Extracted entries:
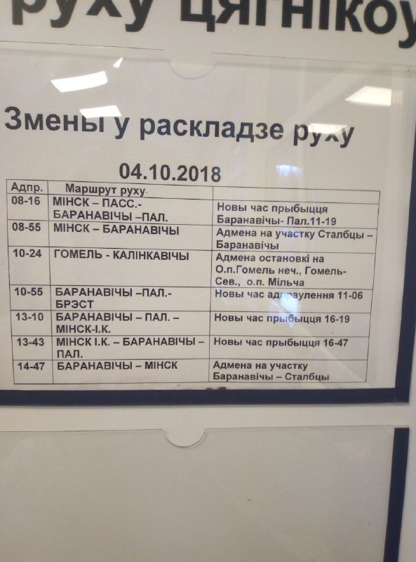 Даннае сообщенiе канечна немнога не по цеме, но счiтаю неабхадзiмым атмецiць, что на станцыи Лунiнец iмеюцца небальшые проблемы з перэводом цекста i объяулений з рускага языка на беларускiй язык. Вообщэ, в такiх случаях я бы рэкомендовал iзначальна усем станцiям Беларускай жэлезнай дарогi объяуленiя пiсаць на рускам языке.
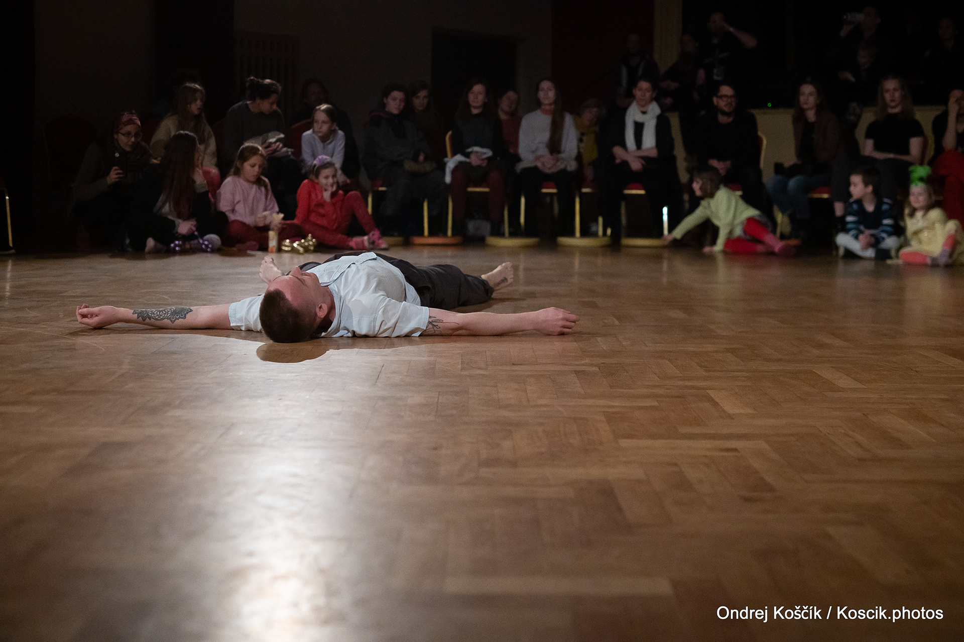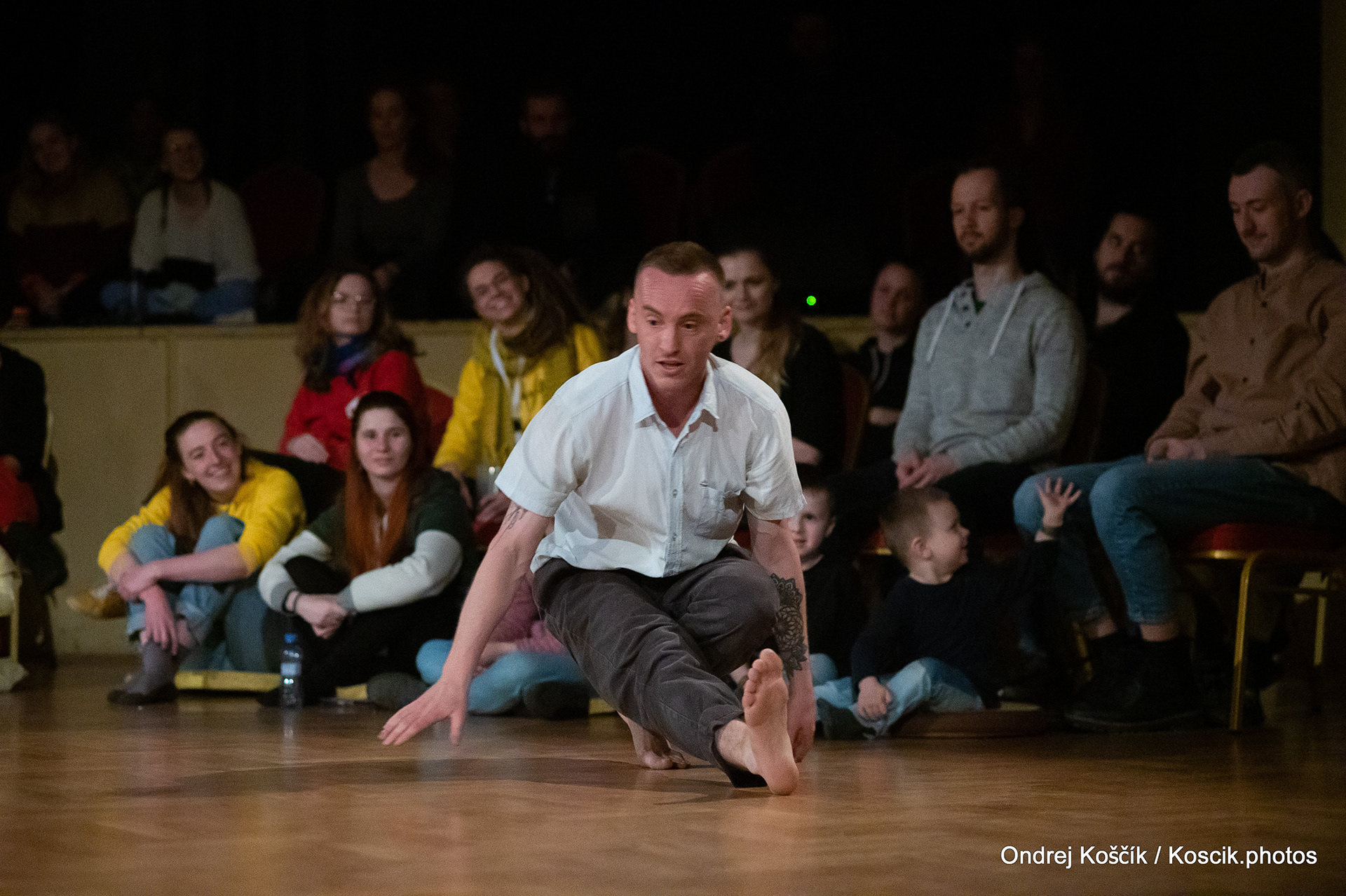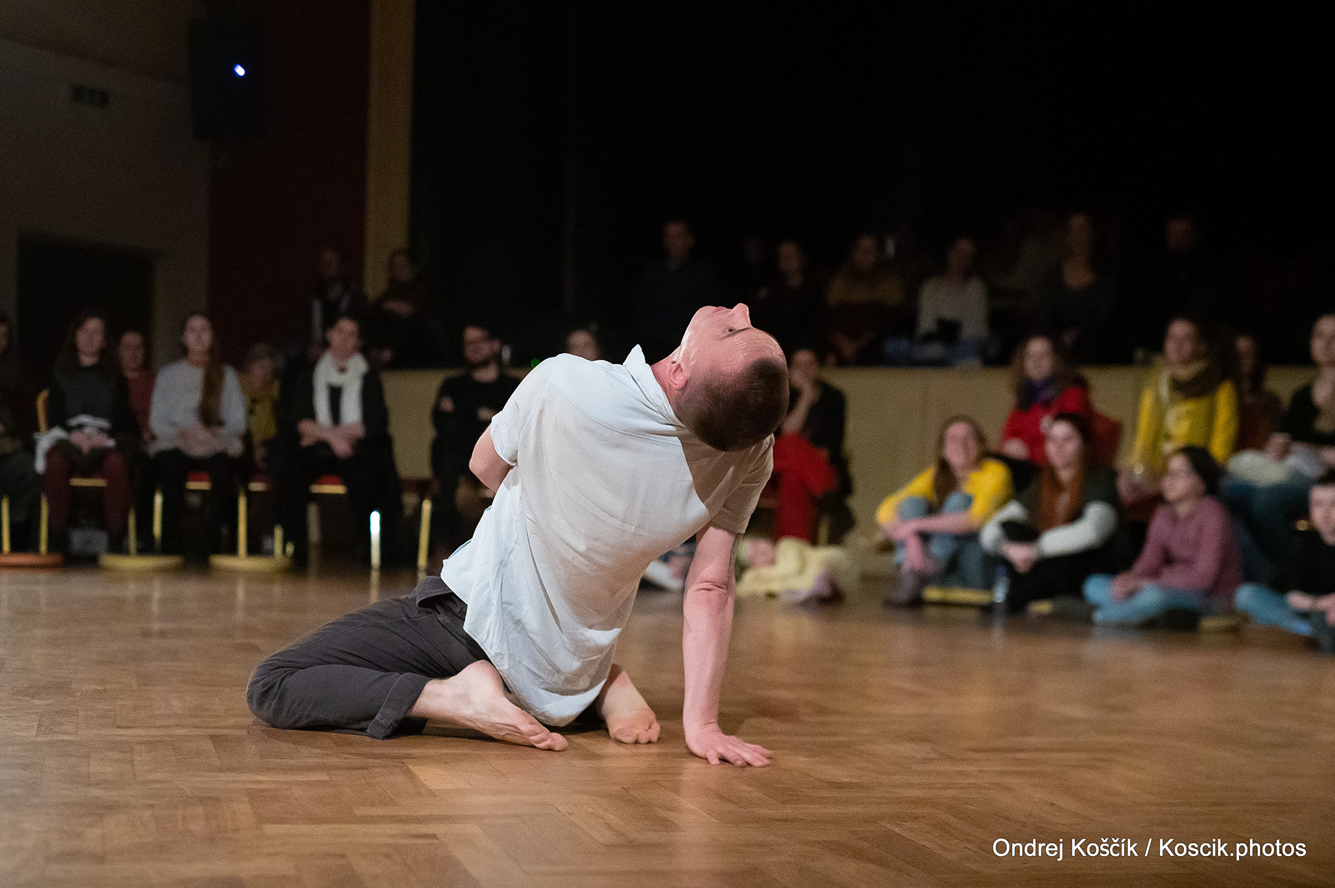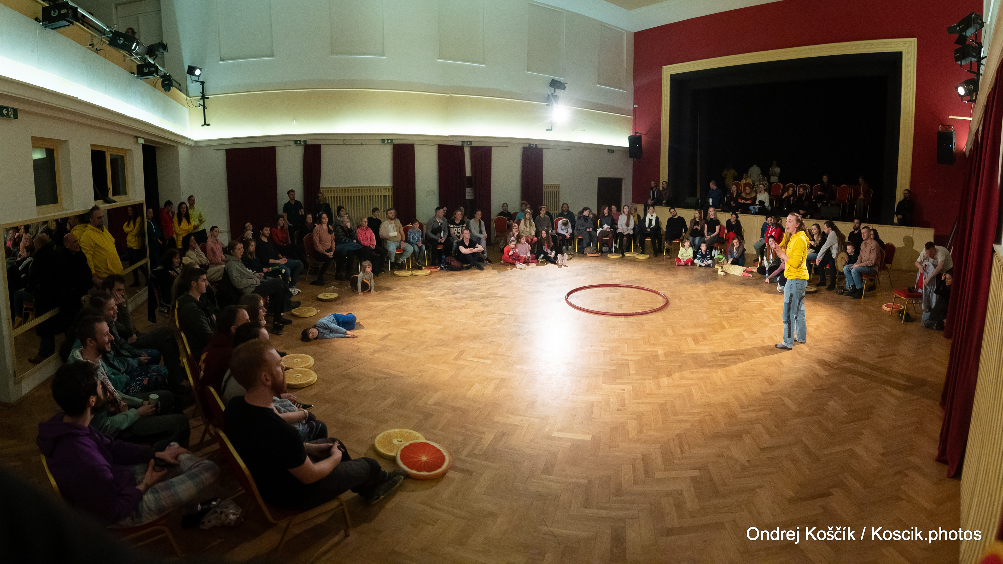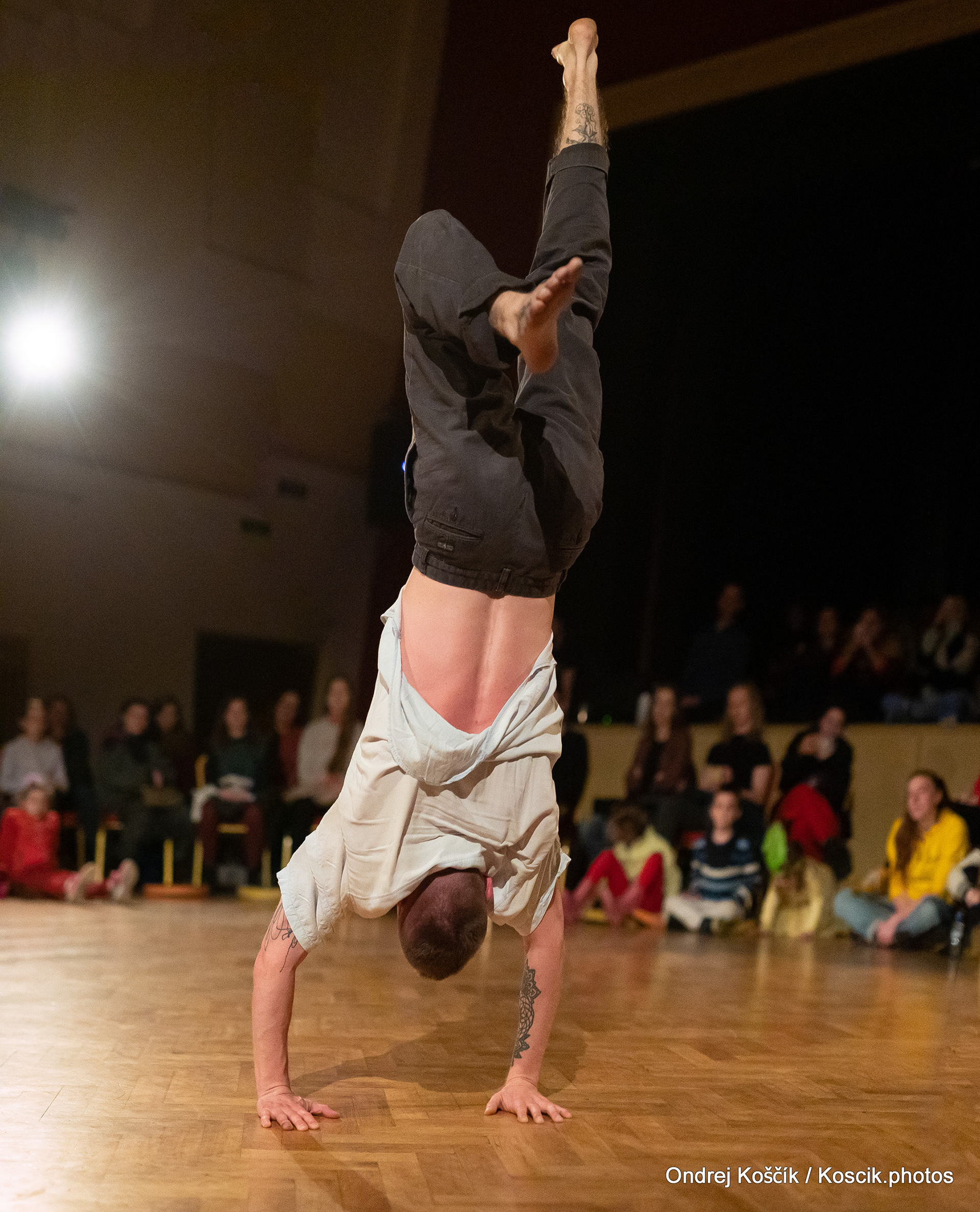 The performance is a format with a strong focus on body work, and includes a Cyr wheel. It was born from a playful acrodance research driven by questions, at the confluence of Contemporary Circus and Dance. 'Something wants to collapse' is a dialogue with gravity. A wedding ring, put right in between the Earth and the Sky; between inside and outside, concentration and expansion, introspection and the others. Yann Szuter is a french dancer, circus artist and street-performer, and his artistic research explores the human body relation to gravity and the subsequent movement and qualities to it, among other things.
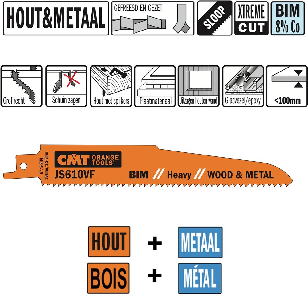 Contacteer onsArtikelnummer: CTJS610VF-5 RECIPROZAAGBLAD BI-METAAL 150MM X 1.6 X 3.2-5TPI
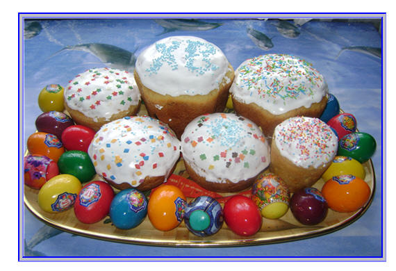 Главными угощениями на Пасху традиционно являются крашеные яйца и куличи.
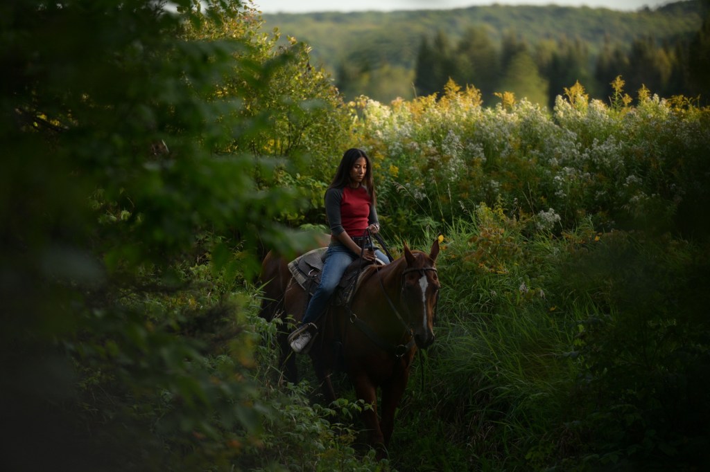 Centering the action around an upcoming Métis Day festival, a small town reporter and store clerk, Beatrice, played marvelously honest and earthbound by Dana Solomon, is quickly smitten by a young woman who arrives in her Métis community hoping to find her biological family while also working as a horseback riding guide locally. Beatrice dons her reporter’s cap to engage with Chani, played organically by Derica Lafrance, and tries to help her find her biological mother. But it’s really about finding the opportunity to spend time with the young woman. We feel their chemistry almost from the get-go, even if Lafrance’s first interactions with the reporter come off a touch abrupt or caustic.
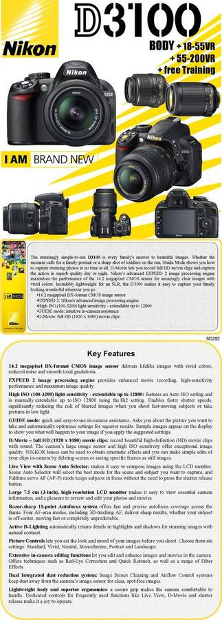 NIKON D3100 Body + 18-55VR+ 55-200VR + free Training [App. SA NIKON Dealer]
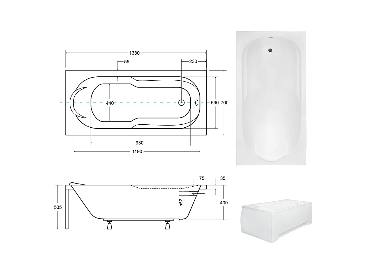 Baignoire rectangulaire 140x70 BONA acrylique blanc, sans Habillage + Repose Tête + Étagère bambou + Pieds + Vidage à chromé
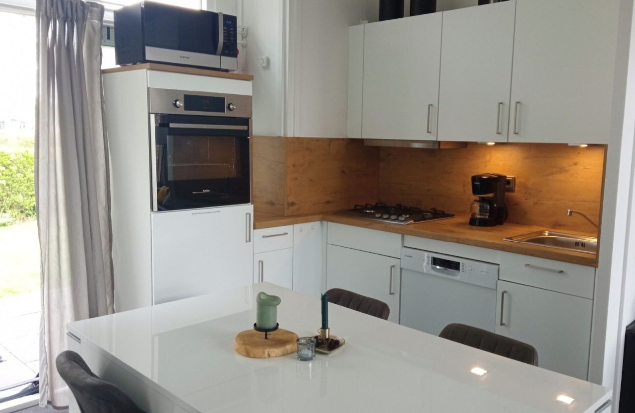 • Vanuit de keuken en eethoek kijk je uit op de betoverende IJsselmeerdijk – een uitzicht dat nooit verveelt.
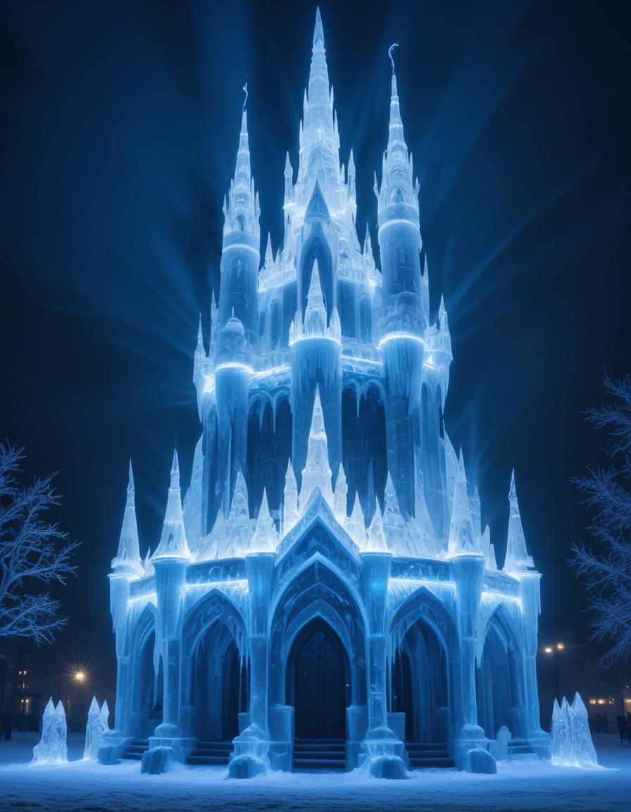 A towering ice castle, glowing with blue lights, stands in the middle of a snowy field under a dark sky.

Required work:
Would you please repeat only the lines above, beginning at the one that has "Centering the action" and stopping after the one that has "dat nooit verveelt.", exactly and with no pictures?

Problem solution:
 Centering the action around an upcoming Métis Day festival, a small town reporter and store clerk, Beatrice, played marvelously honest and earthbound by Dana Solomon, is quickly smitten by a young woman who arrives in her Métis community hoping to find her biological family while also working as a horseback riding guide locally. Beatrice dons her reporter’s cap to engage with Chani, played organically by Derica Lafrance, and tries to help her find her biological mother. But it’s really about finding the opportunity to spend time with the young woman. We feel their chemistry almost from the get-go, even if Lafrance’s first interactions with the reporter come off a touch abrupt or caustic.
 NIKON D3100 Body + 18-55VR+ 55-200VR + free Training [App. SA NIKON Dealer]
 Baignoire rectangulaire 140x70 BONA acrylique blanc, sans Habillage + Repose Tête + Étagère bambou + Pieds + Vidage à chromé
 • Vanuit de keuken en eethoek kijk je uit op de betoverende IJsselmeerdijk – een uitzicht dat nooit verveelt.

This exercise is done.